Três é um charme: entenda o equilíbrio das 3 Gunas

Os iogues gostam muito de listas numeradas e os três desempenham um papel importante em sua teologia, filosofia e metafísica. O três é um charme quando se trata de compreender seus gunas e como equilibrá-los.

Sua prática de ioga provavelmente passa por períodos de guna, alternando entre tamas e rajas, com de vez em quando - se você tiver sorte - em um dia sátvico. Dedique uma prática aos gunas. Esteja ciente, em cada postura que fizer, de como cada um dos gunas se expressa. Determine o guna dominante e incentive seus compatriotas sentados nas linhas laterais a entrar no jogo.

O tri sânscrito está etimologicamente relacionado à palavra inglesa "três". Tome o tri-murti , ou "três formas", do Absoluto - as divindades Brahma, Vishnu e Shiva.

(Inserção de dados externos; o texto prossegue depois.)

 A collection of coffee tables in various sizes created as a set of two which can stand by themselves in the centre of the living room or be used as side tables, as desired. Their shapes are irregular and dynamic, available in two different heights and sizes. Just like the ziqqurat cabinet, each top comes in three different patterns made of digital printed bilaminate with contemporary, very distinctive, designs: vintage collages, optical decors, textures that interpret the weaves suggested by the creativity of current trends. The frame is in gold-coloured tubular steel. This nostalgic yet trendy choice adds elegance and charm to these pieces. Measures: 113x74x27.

Ou o tri-loka , ou "três mundos", do inferno, terra e céu. Finalmente, há o tri-guna , ou "três fios" - forças que compõem a substância do mundo material.

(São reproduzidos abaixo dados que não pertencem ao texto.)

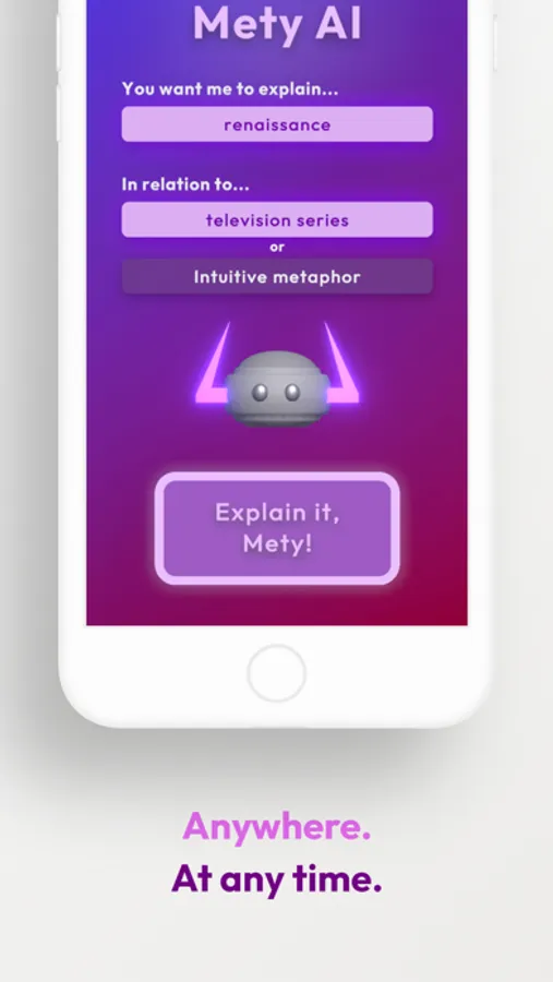 Mety is capable of explaining any conceivable concept, relating them to any field of knowledge such as football, music, historical events, or famous movies, among many others. You can use Mety to understand more quickly, learn something new, or compare concepts. Additionally, in its Premium version, Mety offers explanations in different styles, from clear and direct to poetic or humorous.

Pensa-se que todo o universo é composto de diferentes proporções de gunas. Embora sejam descritos como entidades separadas, é melhor pensar nos gunas como categorias de ondas espalhadas por um amplo espectro, como luz ou som. Em uma extremidade do espectro está tamas (escuridão), que é a inércia ou peso. Seu pólo oposto é sattva , que não pode ser traduzido com precisão, mas é definido de várias maneiras como "ser", "existência", "essência espiritual", "bondade" e "consciência". Sattva é o aspecto da matéria mais próximo na natureza do Eu divino. A força motriz por trás desses dois é rajas (colorido), que é a energia pura ou paixão.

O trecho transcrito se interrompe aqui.